- **DATA PROVIDED**
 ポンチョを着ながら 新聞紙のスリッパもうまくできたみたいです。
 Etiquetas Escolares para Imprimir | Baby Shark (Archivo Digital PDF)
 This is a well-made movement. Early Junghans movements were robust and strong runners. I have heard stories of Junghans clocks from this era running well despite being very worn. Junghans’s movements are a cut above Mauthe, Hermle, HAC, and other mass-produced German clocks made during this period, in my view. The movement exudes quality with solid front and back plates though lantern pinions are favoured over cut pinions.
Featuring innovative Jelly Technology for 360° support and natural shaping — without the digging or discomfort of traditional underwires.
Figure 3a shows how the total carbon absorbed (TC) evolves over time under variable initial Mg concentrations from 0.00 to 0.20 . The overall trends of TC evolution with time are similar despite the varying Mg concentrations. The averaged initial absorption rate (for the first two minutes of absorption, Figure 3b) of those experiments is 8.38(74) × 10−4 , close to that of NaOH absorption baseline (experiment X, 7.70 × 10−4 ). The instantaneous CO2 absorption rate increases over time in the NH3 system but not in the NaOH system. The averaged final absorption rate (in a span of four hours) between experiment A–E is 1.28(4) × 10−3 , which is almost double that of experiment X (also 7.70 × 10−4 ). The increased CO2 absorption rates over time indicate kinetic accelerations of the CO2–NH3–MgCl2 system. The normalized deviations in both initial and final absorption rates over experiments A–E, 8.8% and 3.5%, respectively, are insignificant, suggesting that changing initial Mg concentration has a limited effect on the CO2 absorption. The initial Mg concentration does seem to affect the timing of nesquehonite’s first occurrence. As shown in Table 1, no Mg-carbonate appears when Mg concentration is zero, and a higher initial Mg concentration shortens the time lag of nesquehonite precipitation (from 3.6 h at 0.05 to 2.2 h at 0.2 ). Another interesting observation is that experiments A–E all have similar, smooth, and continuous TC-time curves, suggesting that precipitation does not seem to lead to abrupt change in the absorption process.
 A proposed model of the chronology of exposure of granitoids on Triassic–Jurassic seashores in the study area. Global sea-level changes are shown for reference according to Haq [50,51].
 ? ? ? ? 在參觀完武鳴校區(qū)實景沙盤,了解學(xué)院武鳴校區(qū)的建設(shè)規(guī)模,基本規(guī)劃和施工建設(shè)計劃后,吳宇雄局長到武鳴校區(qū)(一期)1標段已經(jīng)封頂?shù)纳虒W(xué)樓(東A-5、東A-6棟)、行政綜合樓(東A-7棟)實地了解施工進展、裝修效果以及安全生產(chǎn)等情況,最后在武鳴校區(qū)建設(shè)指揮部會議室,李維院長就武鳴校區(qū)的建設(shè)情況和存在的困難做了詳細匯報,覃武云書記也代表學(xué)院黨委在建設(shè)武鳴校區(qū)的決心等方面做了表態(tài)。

==

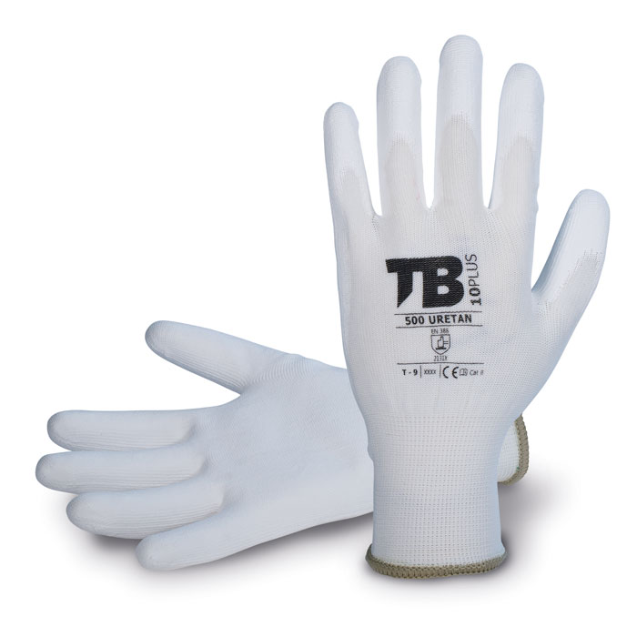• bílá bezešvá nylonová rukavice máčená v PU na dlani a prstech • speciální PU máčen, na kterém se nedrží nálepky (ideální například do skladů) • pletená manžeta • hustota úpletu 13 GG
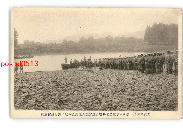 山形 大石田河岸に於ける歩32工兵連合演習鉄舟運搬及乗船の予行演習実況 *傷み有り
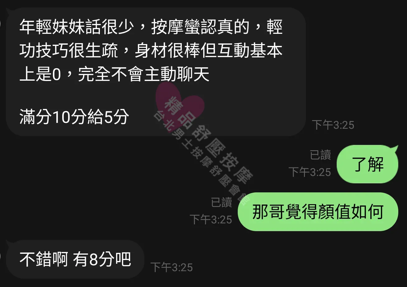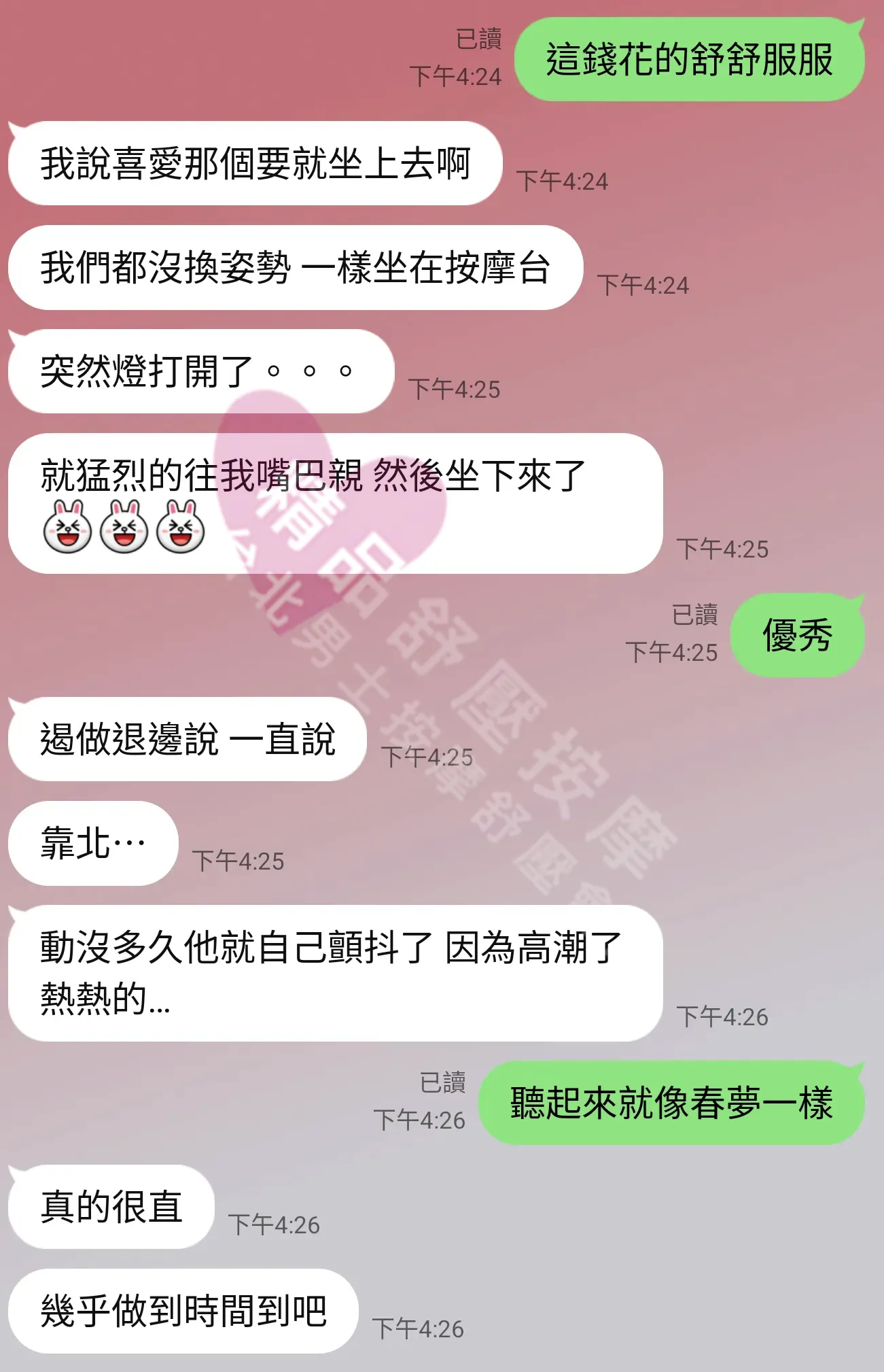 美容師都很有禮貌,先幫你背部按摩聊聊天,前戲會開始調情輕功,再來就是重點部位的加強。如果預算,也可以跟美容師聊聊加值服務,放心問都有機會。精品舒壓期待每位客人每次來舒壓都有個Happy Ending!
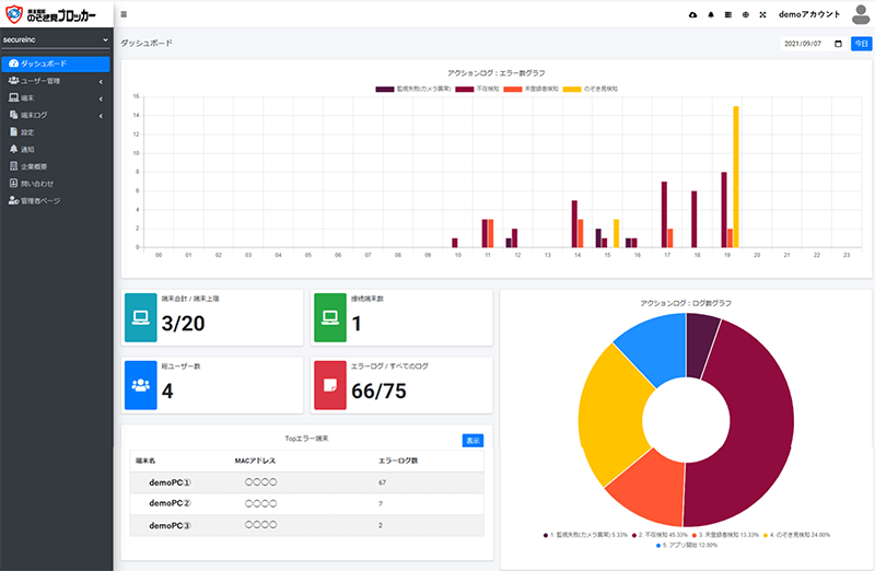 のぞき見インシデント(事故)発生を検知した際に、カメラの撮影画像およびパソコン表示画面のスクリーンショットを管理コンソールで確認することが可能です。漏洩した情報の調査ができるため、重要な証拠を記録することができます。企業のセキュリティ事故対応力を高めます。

- **WHAT THIS TASK INVOLVES**
Reproduce the lines above, beginning at the line with "Etiquetas Escolares para" and stopping after the line with "Featuring innovative Jelly", exactly as they are.

- **EXPECTED OUTPUT**
 Etiquetas Escolares para Imprimir | Baby Shark (Archivo Digital PDF)
 This is a well-made movement. Early Junghans movements were robust and strong runners. I have heard stories of Junghans clocks from this era running well despite being very worn. Junghans’s movements are a cut above Mauthe, Hermle, HAC, and other mass-produced German clocks made during this period, in my view. The movement exudes quality with solid front and back plates though lantern pinions are favoured over cut pinions.
Featuring innovative Jelly Technology for 360° support and natural shaping — without the digging or discomfort of traditional underwires.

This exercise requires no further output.